Puis une idée lui vient à l’esprit. Un nom. Elle regarde les pattes de la bête puis ses beaux yeux mordorés.

- « Je vais te donner un nom, moi. En gage de remerciement et pour sceller notre amitié. Et aussi, si tu veux bien, je t’amènerais chez moi où tu pourras avoir toutes les croquettes et les pâtés du monde. Et aussi mon canapé où tu seras bien au chaud. Ça te dit d’avoir un foyer ? »

Puis elle fait une pause, prend un air solennel, prenant la tête du loup entre ses mains et plongeant son regard dans le sien, lui déclare :

- « Je vais t’appeler… Chaussette ! »

A ce moment-là, le loup pousse un gémissement aigu, en signe de protestation. Il dégage sa tête des mains de Lisa et s’en va, laissant la jeune fille à genoux sur le bitume. Au même instant, elle est sûre d’avoir entendu un couinement aigu, comme si le rat s’était pris d’un fou rire.

- « Mais… Chaussette ! Reviens ! C’est parce que tu as les pattes blanches, on dirait des chaussettes… C’est mignon Chaussette, non ? » s’exclame Lisa en direction des deux animaux.

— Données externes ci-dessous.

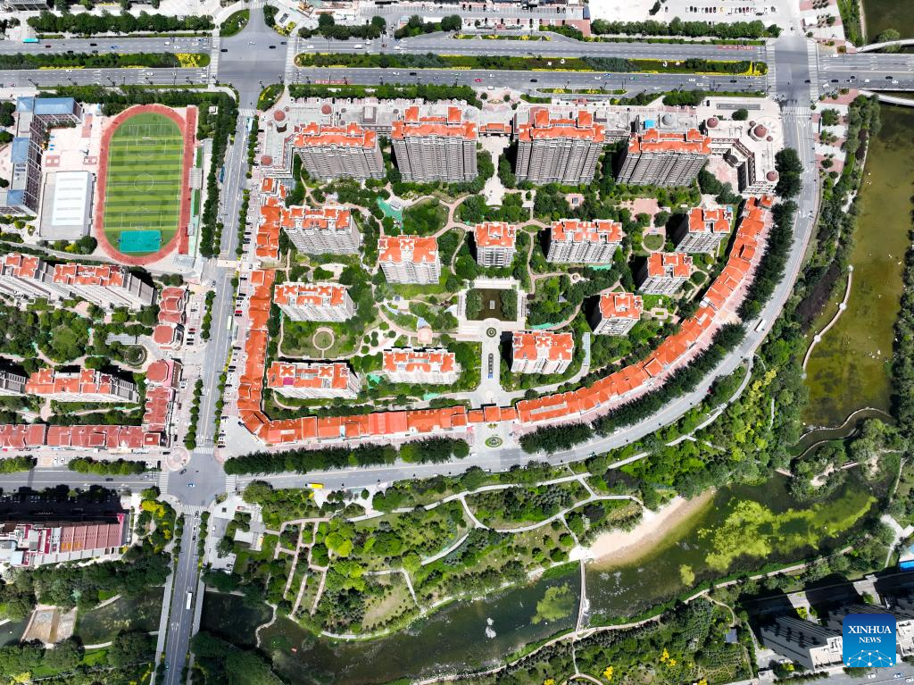 An aerial drone photo taken on June 4, 2024 shows a view of Xining, capital of northwest China's Qinghai Province. Urban ecosystem in Xining has greatly improved thanks to landscaping efforts in recent years, and the city is also more and more habitable. (Xinhua/Li Zhanyi)

Elle regarde alors s’éloigner, dans la rue, le loup, accompagné de son ami le rat.

Ce ne sont que des animaux, après tout. Ils ne nous comprennent pas.

A y regarder de plus près, alors que les deux animaux avancent droit devant eux, sur la route s’éloignant de l’hôtel, Lisa est sûre d’avoir vu le rat continuer de s’esclaffer tandis que le loup l’écrase d’un brusque coup de patte pour le faire taire.